Hiram Holliday is a quiet man who works as a copy editor at a New York newspaper. Everyone who knows him thinks—when they think of him at all—as a friendly, competent nobody. They don't know that Hiram dreams of great things and spends his nights and weekends preparing for them by taking lessons in fencing, shooting, flying, etc. On a vacation to London, he sees four men attempt to kidnap a young boy, Peter, who is in a park with a young woman. Hiram jumps to their aid and fights off the men with his umbrella. The woman is Heidi, an Austrian princess, the boy is her nephew, the heir to the Austrian throne, and the bad guys are Nazis. Hiram helps them escape to Paris. He is disgusted by the politics of Europe where the Germans have everyone living in fear and writes a story about it. His editor sends him to Paris to write more articles. He soon draws the attention of the Nazis and has to escape to Vienna dressed as a clown. There he meets Heidi again, just as the Germans find her and kidnap Peter. Hiram determines to find him. He tracks him to Germany where he gets involved with the mistress of a top Nazi. Hiram is sentenced to death but rescued at the last minute when the mistress sacrifices herself for him. Hiram goes back to Austria and manages to find Peter and reunite him with Heidi, with whom Hiram is in love. With the Nazis on their tail, they make a daring escape over the Alps into Italy. Again, Hiram's stories get him in trouble and he is challenged to a duel. A German assassin shoots him during the duel, but he survives. On his way back to the U.S., finally, he discovers Heidi and Peter on the ship.
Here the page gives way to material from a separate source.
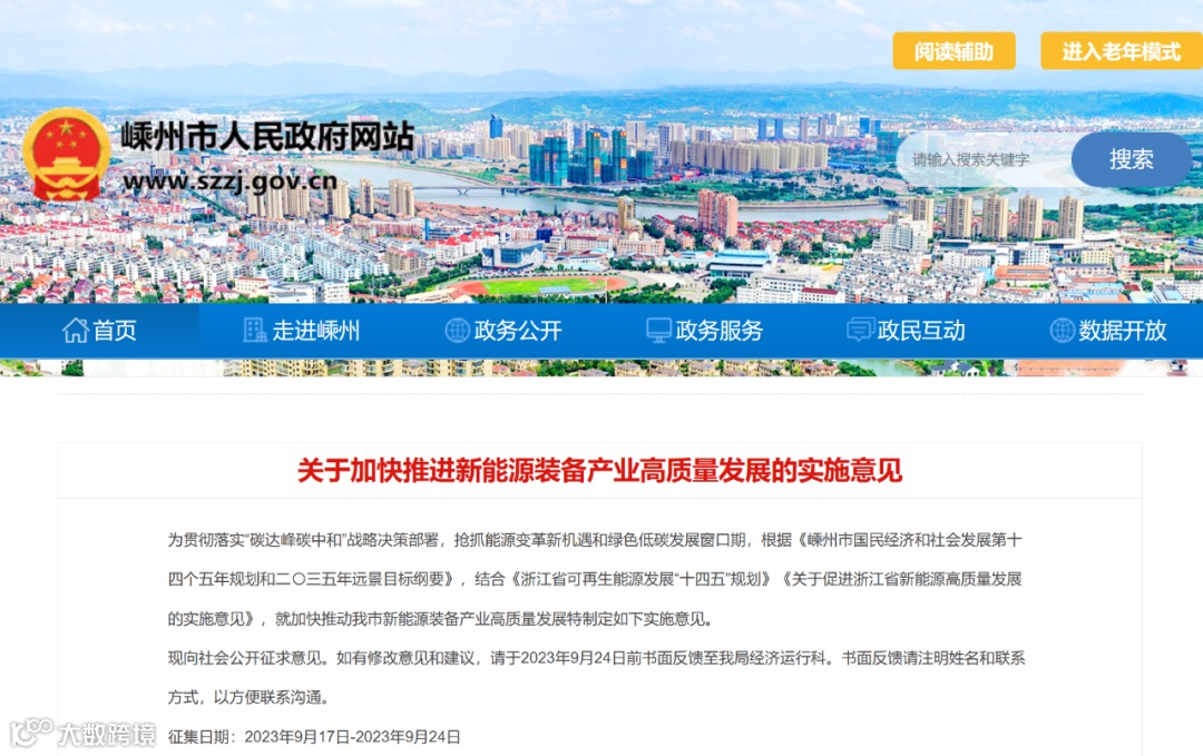 9月17日,嵊州市人民政府发布《关于加快推进新能源装备产业高

Heidi is there for him.
My Rating: 8

Reviews for Adventures of Hiram Holliday

Review - Adventures of Hiram Holliday

A fun adventure story written for the period between when the Nazis showed their true colors and when the war started in earnest—all of which was future when the book was written. But Hiram's character was great—the small man who determined to make a difference.